Exchange's competition has fluctuated dramatically over its lifetime. Exchange 4.0 competed against mainframe-based systems such as IBM PROFS and LAN-based systems such as Lotus cc:Mail. These systems had largely faded into the background by the time Exchange 5.5 shipped and the major competitor was Lotus Notes (Domino), a trend that continued into Exchange 2000. Today, Domino is still a major competitor for Exchange in the corporate arena (and especially so in Japan, where Domino is approximately six times as popular as Exchange), but it has been joined by systems based on "pure" Internet protocols. Exchange supports all of the Internet protocols, such as SMTP, MIME, IMAP, POP, and so on, but it seems to make a difference to some people when these protocols are associated with an SMTP MTA running on a UNIX or Linux server. The competitive landscape is completed by companies that attempt to leverage the strength of Outlook in the market and the number of desktops it occupies by offering an alternative to Exchange that allows companies to retain Outlook as the client. The best example of this is Oracle's Collaboration Suite, which is available for UNIX or Linux.

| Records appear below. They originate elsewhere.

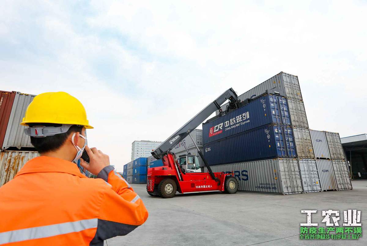 青白江成都铁路口岸正在吊装中欧班列集装箱。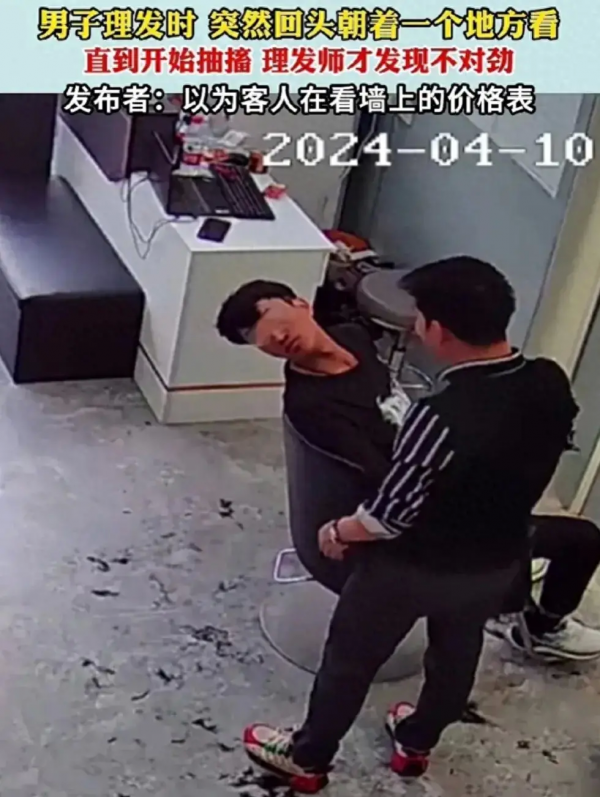 从相关视频中,我们可以看到黑衣男子坐在椅子上,当时理发师给男子洗吹剪的,男子突然回头朝着一个地方看,没一会儿男子开始抽搐,一开始理发师以为看男子看墙上的价格表的,结果他看到男子抽搐后,就很担心,赶紧拿出来手机打算拨打急救电话。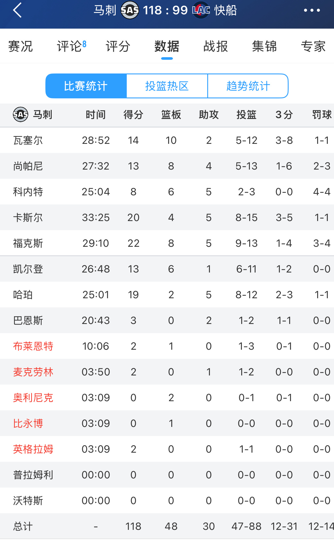 福克斯22分,卡斯尔20分,迪伦-哈珀19分马刺vs快船

The Exchange development group has always worried about its competition and tried to learn from its strengths and weaknesses. Paranoia (a trait shared by many Microsoft development groups) has helped the group stay ahead of the competition, sometimes by adding features, sometimes by improving areas where it needed to, such as manageability and scalability. Microsoft has also focused on great interoperability with other messaging systems through SMTP and X.400 and the provision of migration tools to allow companies to move more easily to Exchange than to any other platform. For example, Microsoft has a Lotus Notes connector for Exchange that allows the smooth transfer of message and directory data between the two servers. It even has an Outlook 2002 connector for Lotus Notes, so that you can transfer mailbox data using a client rather than going anywhere near the server (pushing the work to migrate data down to users is a great idea, if you can get away with it). The net result is that Microsoft has always been able to stay ahead and grow market share for Exchange.

The jump from one technology generation to another always creates opportunity for the competition. For example, the move to Exchange 2000 forced customers to completely revamp their Windows infrastructure to deploy the Active Directory; implement a new security model; establish new administrative and management routines; and probably install new software packages for antivirus, cloning user accounts, directory synchronization, and so on. It was a lot of work and the bigger the company, the larger the price tag.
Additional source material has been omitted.